Now, for anyone who has read any of my previous posts, the assumption is is that I'm the sort of person who has no problem speaking my mind, in fact, the problem would be actually stopping me from speaking my mind on some occasions. I am opinionated and I have no problems voicing these opinions. But there are occasions when even I fall silent, where what I truly want o say freezes in my throat. That happened tonight.
So the scene, more realistic then shorthand street or any other crappy mind shitted drama. I was catching up with a friend. In my younger days, or even those people who are emotionally uneducated, would have called it a date, I'm older now, I'm more mature now, I now a situation for what it was and this was just a catchup.
However, at one point we were heading towards an eatery and she stated how excited and nervous she was going to this place as it was what she termed "naughty food" I mentally disagreed with this statement as the thought of a burger fucking me in the mouth wasn't completely a happy thought I said outloud how I was nervous coming to hang out with her. She asked why and I choked.
Now we've discussed this before, this friend and I, about past feelings and so forth. I had a crush on her when we were younger and still do now, but I'm an adult now, I can control such urges and so forth, and being an adult sucks old hairy man balls. That's why I was nervous, because I still want to prove things to her, that although I have a rough side I'm still likable, that in some way I'm still a viable choice, but ultimately this is the biggest lie. There was a brief moment when I may have been a viable choice, but looking back now I see how truly broken I was back then.

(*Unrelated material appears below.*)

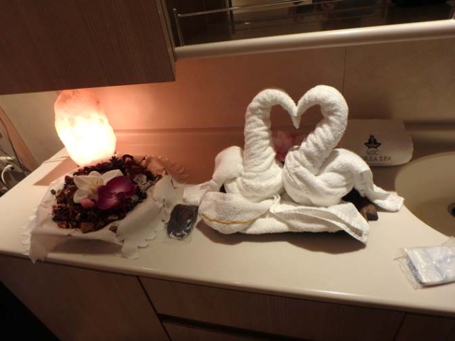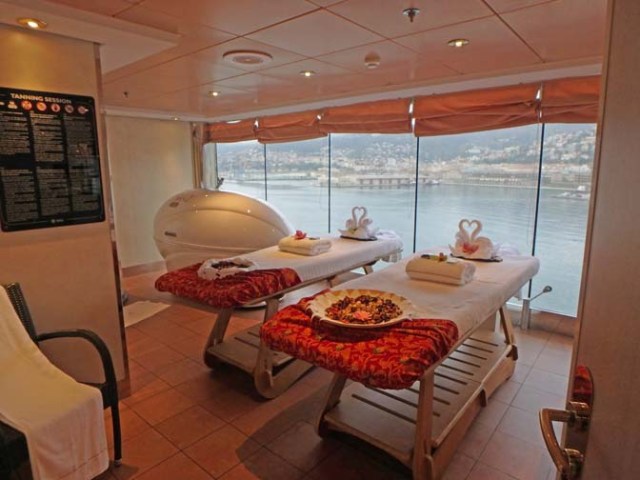 The thermal suite on this ship is cheap compared to thermal packages on other lines, but that’s because there’s not much there. Just a sauna and steam room, seperate ones for men and women because apparently European men like to go in naked, and a few of the women too in spite of the sign at the entrance to the women’s sauna and steam room that says appropriate swimwear must be worn. There’s also 2 relaxation areas with ocean view loungers, a larger forward facing one next to the gym and a smaller one by the men’s area with a view out the side. The smaller one has coffee. There’s no pool or heated ceramic chairs that are the prime places people want to go in most thermal suites.
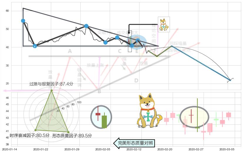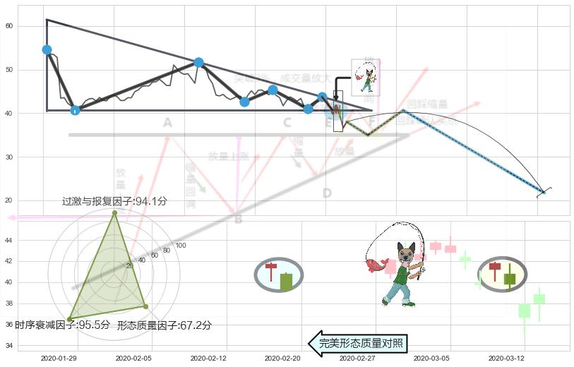 ➢ 【多方力量耗尽,空方打破攻守平衡点】下降三角形中继整理, 已在2020-03-09突破【支撑】颈线 40.66 →演变成下降通道

I don't even understand how I became that way. It was a decade of brokenness and shattering of dreams and realities that until the last few years I managed to crawl out of. And so now, with this friend I have one of the moments where I kind of wish I had said something. A moment of regret in a way. Logically of course it would have been a bad idea, because the awkwardness it would have caused would have ruined the rest of the night, so in a way, I'm also relieved I managed to contain my inner voice for once.
So, many will try to read between the lines of what I'm saying and quite frankly, that's fucking annoying, stop it. The main context of this post is this: Even if you love someone there is nothing wrong in my opinion to like someone else. It's the enactment upon those feelings that are the downfall. I didnt act. I'm fucking awesome. You all think so as well.
Fuck adulthood and maturity sometimes.